Op-Ed: Friends with weight-loss benefits
Children born in South Los Angeles, where per capita income is $13,000, live on average 10 years less than children born in the affluent neighborhood of Pacific Palisades, according to the Health Atlas for the City of Los Angeles. This is health inequality.
There are countless reasons for this gap. Many involve food. Low-income families often live in “food deserts,” where little fresh produce is available. Fast-food restaurants abound, offering cheap, tasty but unhealthful choices. But there’s another reason for this health gap that is rarely talked about — the power of social networks.
For the Record
Jan. 29, 9:15 p.m.: The first paragraph of this article was corrected to say “South Los Angeles” instead of “Los Angeles.”
In 1948, researchers started tracking the cardiovascular health of 5,200 residents of Framingham, Mass., and from this influential study emerged a lot of what we now know about the effects of diet and exercise on heart disease. But in 2009, two social scientists began parsing data and made a fascinating observation: When Framingham participants became obese, their friends were more than half again as likely to become obese too.
This is intuitive — if your friends smoke, you are likely to smoke. Less intuitive was the discovery that your friend’s friends can affect your health. Those who were one person removed from someone obese were 20% more likely to become obese — even if the connecting friend didn’t gain weight. So if your friend’s friends are smokers, you are more likely to smoke. In short, social norms are contagious.
This has huge repercussions for obesity. Not only does America’s toxic food environment need to be fixed, but also our social norms need to change. In affluent areas, this is already starting to happen, as people become accustomed to drinking green juice, eating tofu and doing yoga.
But in food deserts, where unhealthful eating practices persist because of necessity, it’s a different story. Even when marginal improvements in food access are made — by placing produce in corner stores, for instance, or giving children fresh fruit at school — they don’t stick because there is little social support for that kind of eating. In some schools in South Los Angeles, the majority of fruit given daily to children gets thrown in the trash, teachers say. Kids prefer the breakfast they’ve become accustomed to — which might be Cheetos and Pepsi.
To stem the spread of obesity and close the health gap, we need to use social networks to spread new norms. There’s historical precedent for this: In 1964, 42% of Americans smoked; 18% do so today, according to the Centers for Disease Control and Prevention. Raising cigarette taxes and increasingly strident cigarette-pack warnings surely helped but so did raising awareness about the dangers of secondhand smoke. Smoking gradually went from cool to disrespectful.
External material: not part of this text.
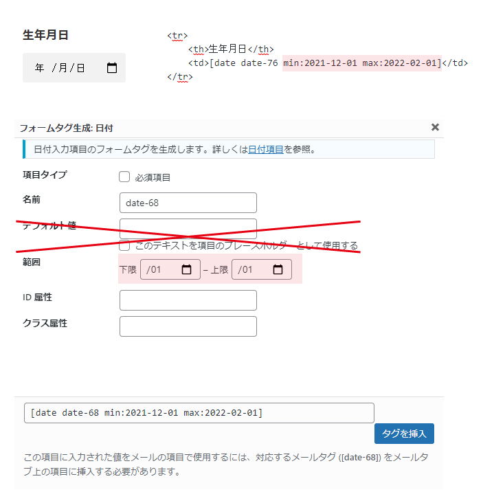 範囲を指定できるので、生年月日の場合はどこまでの範囲の年齢を入力してもらうのか想定しておくことが大切です。

But smoking rates dropped mainly in affluent areas. High-income families decreased their smoking by 62% from 1965 to 1999 compared with only 9% for low-income families, according to the Campaign for Tobacco-Free Kids.
So how do you change social norms around unhealthful eating in a way that doesn’t leave low-income families behind?
At Groceryships, the L.A.-based nonprofit I run, we are developing a network of peer-led support and education groups in low-income areas. Small groups of families meet weekly to work on getting healthy together. There is nutrition education, healthful cooking classes and money to experiment with produce. Children have to try a vegetable 10 to 12 times to develop a liking, according to UCLA research, and that cost doesn’t fit into a food stamp budget.
But the backbone of each two-hour meeting is the support group aspect, in which participants discuss the challenges of adopting a healthful lifestyle while surrounded by unhealthful choices. A box of Kleenex sits in the center of the circle, testimony to how hard it is to talk about food and health without tears.
This support group format leads to deep emotional bonds — and physical changes. All of the families that have participated in our program report significantly increased fruit and vegetable consumption. The first group of seven moms to complete the six-month program all reported weight loss in their children and other family members.
Changing habits a few families at a time may seem like small ball. It’s not. The social scientists who analyzed the Framingham data theorized that the best way to fight obesity wasn’t with the support of a cluster of close friends, but to skip a link and work on getting healthy with friends of friends. When the researchers ran this scenario through their model, it worked. People all along the chain of acquaintance started slimming down.
It works because of the ripple effect. One participant at Groceryships took over breakfast duty at her church, replacing pancakes and bacon with brown rice cereal and fruit. Another started teaching a nutrition class at her child’s elementary school. The teenage skateboarding sons of another participant started hosting fruit and vegetable smoothie parties for skateboarders in the neighborhood. Participants recruit friends and neighbors, spreading healthful norms through their social networks.
In 2015, we plan to launch 10 new groups in South Los Angeles, but we are also setting it up so that anyone who wants to can recruit 10 friends and start and run an independent group, with our support.
Imagine if there were millions of these groups, making healthful norms go viral.
Sam Polk is the founder of the nonprofit Groceryships. His memoir is scheduled to be released by Scribner early next year.